Try it = Exclude every picture. Output verbatim the lines from the one containing "ECY Spring Clamps" to the end of the data.

Provided material =
▬▬▬▬▬▬
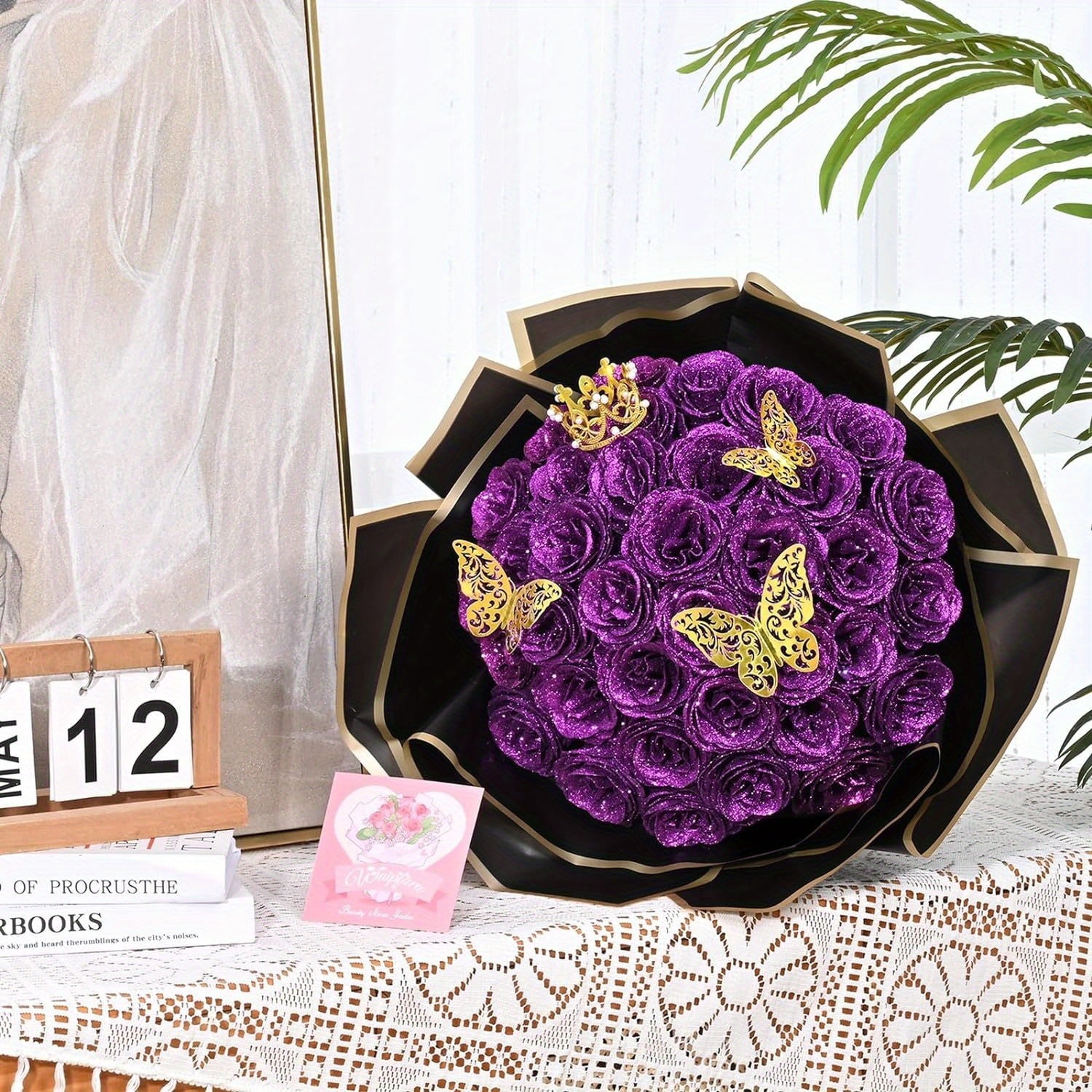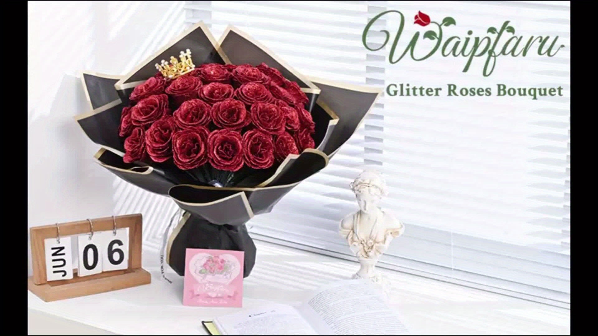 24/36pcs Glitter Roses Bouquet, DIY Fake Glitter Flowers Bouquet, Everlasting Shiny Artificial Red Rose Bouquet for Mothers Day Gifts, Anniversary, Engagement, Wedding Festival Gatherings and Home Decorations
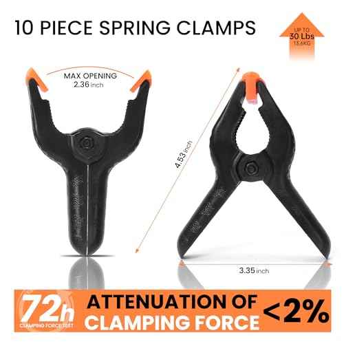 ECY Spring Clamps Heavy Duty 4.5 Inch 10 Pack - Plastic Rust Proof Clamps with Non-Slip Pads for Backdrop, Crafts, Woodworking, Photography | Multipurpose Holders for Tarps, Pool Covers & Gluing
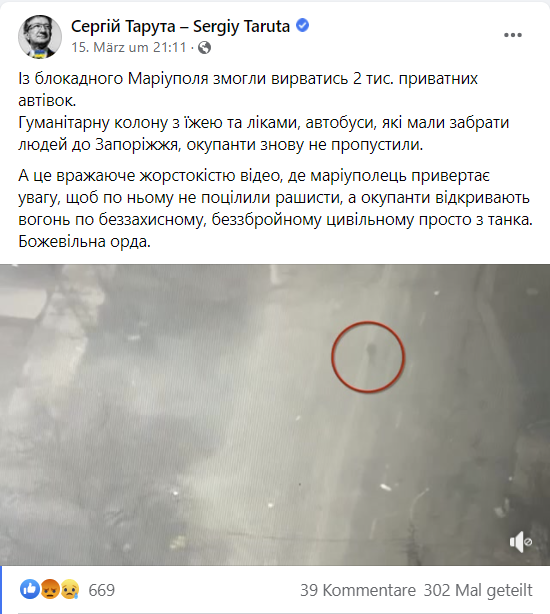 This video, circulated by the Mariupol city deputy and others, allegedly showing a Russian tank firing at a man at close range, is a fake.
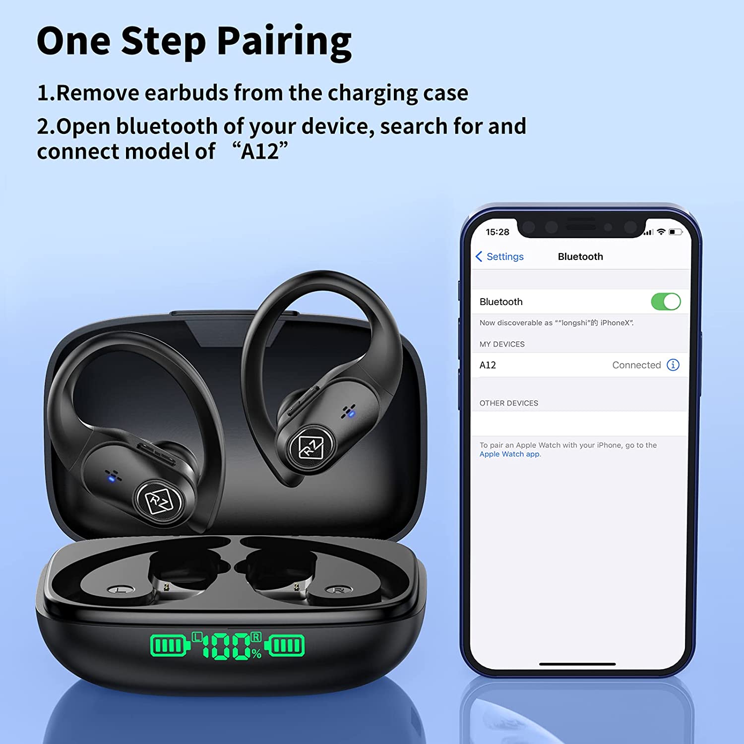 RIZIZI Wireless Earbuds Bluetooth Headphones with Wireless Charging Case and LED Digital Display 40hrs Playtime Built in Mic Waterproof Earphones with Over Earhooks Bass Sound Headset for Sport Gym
▬▬▬▬▬▬
Result for this task =
 ECY Spring Clamps Heavy Duty 4.5 Inch 10 Pack - Plastic Rust Proof Clamps with Non-Slip Pads for Backdrop, Crafts, Woodworking, Photography | Multipurpose Holders for Tarps, Pool Covers & Gluing
 This video, circulated by the Mariupol city deputy and others, allegedly showing a Russian tank firing at a man at close range, is a fake.
 RIZIZI Wireless Earbuds Bluetooth Headphones with Wireless Charging Case and LED Digital Display 40hrs Playtime Built in Mic Waterproof Earphones with Over Earhooks Bass Sound Headset for Sport Gym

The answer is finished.